NOTE F - Jet Propulsion Laboratory Agreement

         The Company has entered into an agreement (the "JPL Agreement") under
which the Jet Propulsion Laboratory ("JPL") will develop a preliminary design of
the Skysat System and determine its technical feasibility.

         Under the JPL Agreement, the Company paid JPL $2,493,000 through March
31, 1996 (including $256,000 in the period ended March 31, 1995), for
development work. The Company is charging research and development expense as
JPL utilizes the funds. JPL commenced its work with respect to the contract in
April 1994.

                                       6
<PAGE>   7
                    SKYSAT COMMUNICATIONS NETWORK CORPORATION
                          (a development stage company)
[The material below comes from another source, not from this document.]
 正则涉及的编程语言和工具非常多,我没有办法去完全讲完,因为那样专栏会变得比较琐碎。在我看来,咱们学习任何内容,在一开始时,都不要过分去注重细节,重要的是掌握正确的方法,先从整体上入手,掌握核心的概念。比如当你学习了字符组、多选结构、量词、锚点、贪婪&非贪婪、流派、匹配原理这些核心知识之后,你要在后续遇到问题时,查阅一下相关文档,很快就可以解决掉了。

                          NOTES TO FINANCIAL STATEMENTS


NOTE G - Av-Intel Inc. Agreement

         In April 1996 the Company entered into an agreement with Av-Intel Inc.
("Av-Intel"), a research an development company based in Ottawa, Canada, which
has developed lighter-than-air technology (stratospheric satellite vehicles)
("SSV's") that could be applied to airborne platforms. The agreement provides
that Skysat and Av-Intel will work together to test the viability and
cost-effectiveness of the SSV.


                                       7
<PAGE>   8
ITEM  2.         MANAGEMENT'S DISCUSSION AND
                 ANALYSIS OR PLAN OF OPERATIONS

(A)      Management's Discussion and Analysis of
         Financial Condition and Results of Operations:

         The Company is a development stage company. Since its inception in July
1992, the Company's efforts have been principally devoted to research and
development of the Skysat System and raising capital; the Company has sustained
losses of $4,689,847 of which $252,956 and $793,344 were incurred during the
three-month periods ended March 31, 1996 and 1995, respectively. These losses
have resulted from expenditures specifically in connection with an increased
level of effort under the JPL Agreement (discussed below) which commenced during
1994, continued construction and development of a conventional engine-powered
prototype aircraft (the "Platform"), commencement of the development of the
flight management system related to the Skysat System and general and
administrative activities, including legal and professional activities relating
thereto and salaries to officers and emoloyees which are continuing to date.
Research and development expenses have aggregated $2,951,054 since inception, of
which $90,112 and $614,410 were incurred during the three-month periods ended
March 31, l996 and l995, respectively.

         The Company's research and development agreement (the "JPL Agreement")
with the Jet Propulsion Laboratory ("JPL"), an operating division of the
California Institute of Technology which operates JPL under contract from NASA,
commenced in April 1994. JPL has incurred expenses aggregating $27,119 during
the three-month period ended March 31, 1996.

         In May, 1996, the Company paid an additional $50,000 to JPL for
research activities related to payload development and activities in support of
the Company's research and development into unmanned aerial vehicles.

         General and administrative expenses were $1,423,181 since the Company's
inception in July 1992, of which $169,442 and $214,576 were expended during the
three-month periods ended March 31, 1996 and 1995, respectively.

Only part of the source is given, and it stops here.